### What you should do
Among the lines below, the one containing "5. Подавать оладьи" opens the range and the one containing "У ранковому ефірі" closes it. Print that range exactly, without the pictures.

### Records for the task

•••••

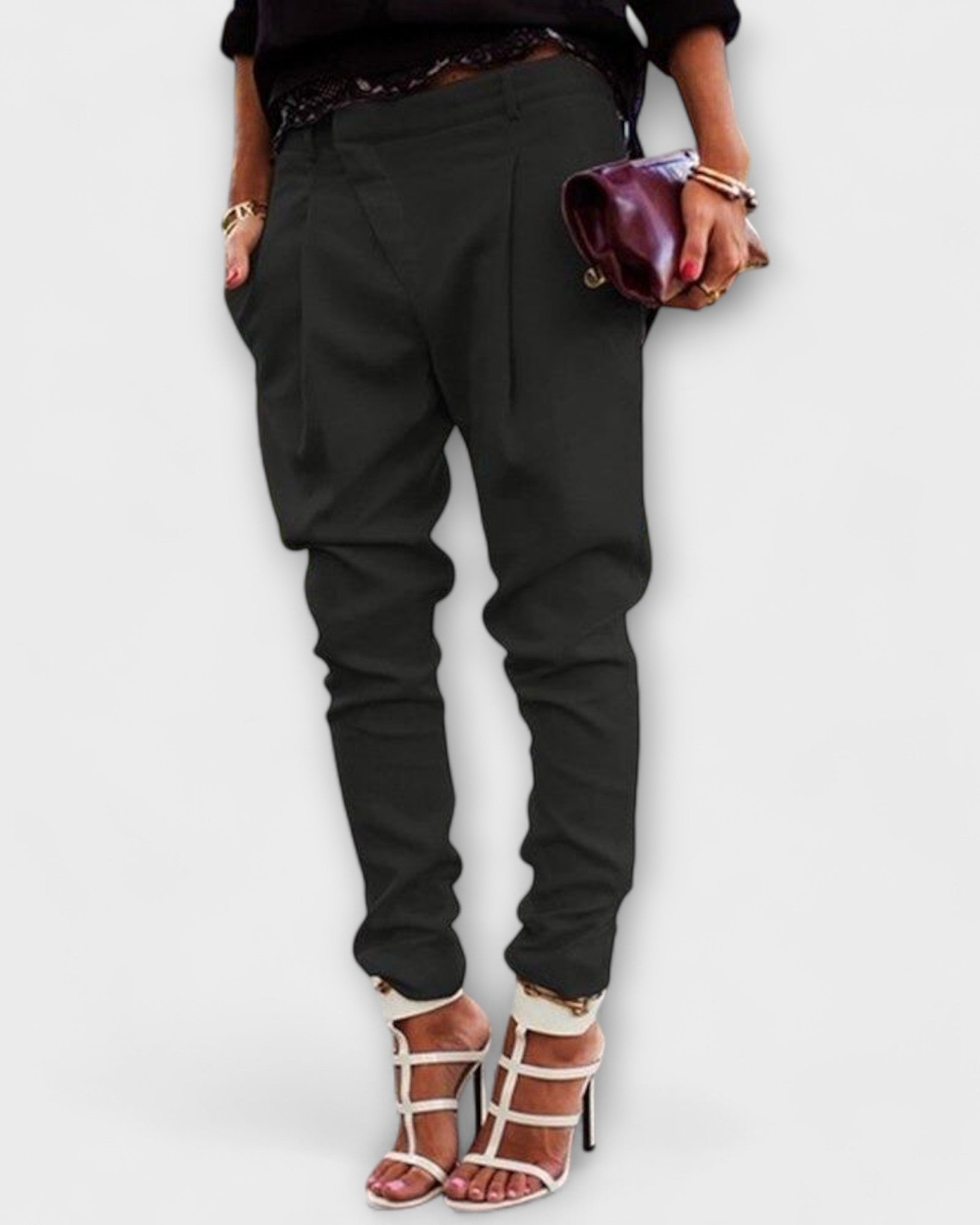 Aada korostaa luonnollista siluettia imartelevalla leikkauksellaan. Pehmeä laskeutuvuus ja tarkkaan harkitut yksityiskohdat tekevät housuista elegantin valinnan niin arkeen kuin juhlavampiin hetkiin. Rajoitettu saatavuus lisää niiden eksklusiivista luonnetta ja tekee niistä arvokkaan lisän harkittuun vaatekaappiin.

•••••

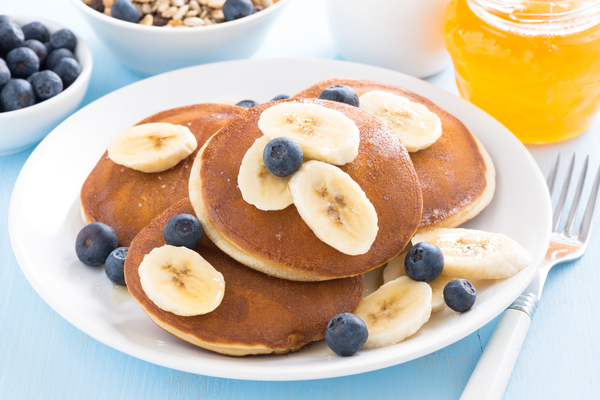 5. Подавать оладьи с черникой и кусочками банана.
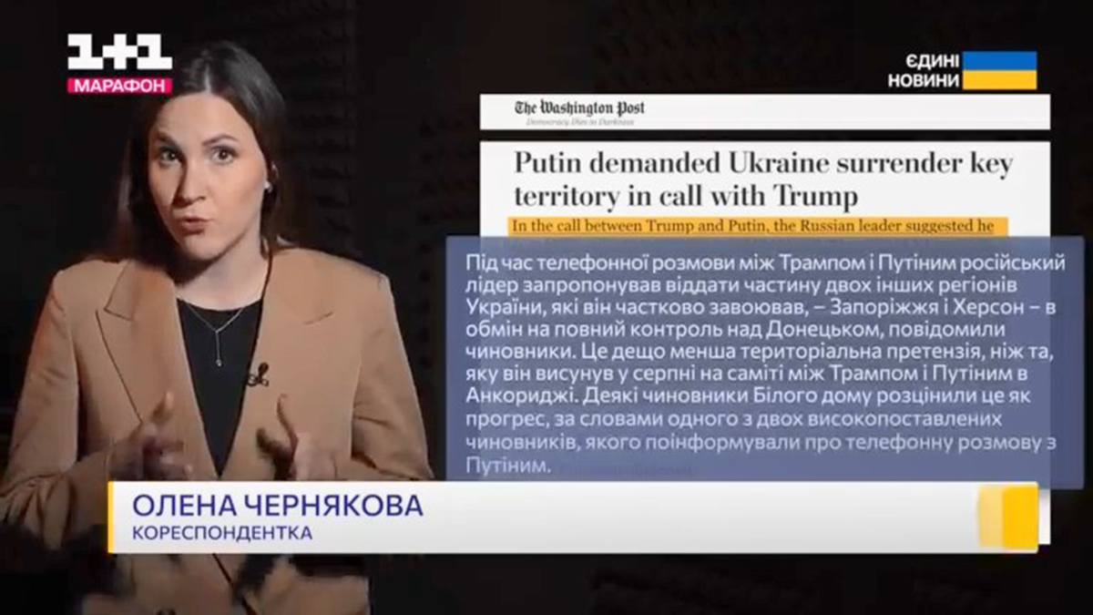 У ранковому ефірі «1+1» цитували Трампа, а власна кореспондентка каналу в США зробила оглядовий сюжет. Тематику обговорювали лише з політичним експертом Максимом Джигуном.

•••••

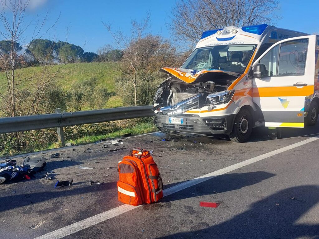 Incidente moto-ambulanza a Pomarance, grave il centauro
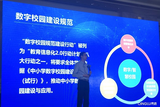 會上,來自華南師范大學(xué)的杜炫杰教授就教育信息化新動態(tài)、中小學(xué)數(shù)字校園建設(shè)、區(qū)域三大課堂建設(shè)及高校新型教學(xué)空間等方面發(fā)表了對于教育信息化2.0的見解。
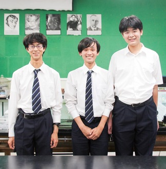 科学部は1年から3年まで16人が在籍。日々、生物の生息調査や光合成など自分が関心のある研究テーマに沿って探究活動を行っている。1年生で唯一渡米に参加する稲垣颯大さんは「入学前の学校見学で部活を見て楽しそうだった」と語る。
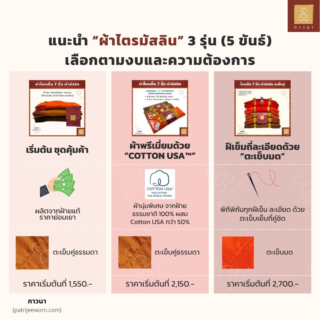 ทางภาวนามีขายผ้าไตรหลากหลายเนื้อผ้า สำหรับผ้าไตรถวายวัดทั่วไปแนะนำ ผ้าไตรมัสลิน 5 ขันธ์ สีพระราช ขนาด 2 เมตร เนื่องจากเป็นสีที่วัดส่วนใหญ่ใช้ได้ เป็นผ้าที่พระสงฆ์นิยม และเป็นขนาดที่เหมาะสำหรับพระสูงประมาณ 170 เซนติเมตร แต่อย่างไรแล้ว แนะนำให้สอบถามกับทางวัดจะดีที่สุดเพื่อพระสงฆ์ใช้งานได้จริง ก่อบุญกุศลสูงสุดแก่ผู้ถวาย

•••••

### Task response
 5. Подавать оладьи с черникой и кусочками банана.
 У ранковому ефірі «1+1» цитували Трампа, а власна кореспондентка каналу в США зробила оглядовий сюжет. Тематику обговорювали лише з політичним експертом Максимом Джигуном.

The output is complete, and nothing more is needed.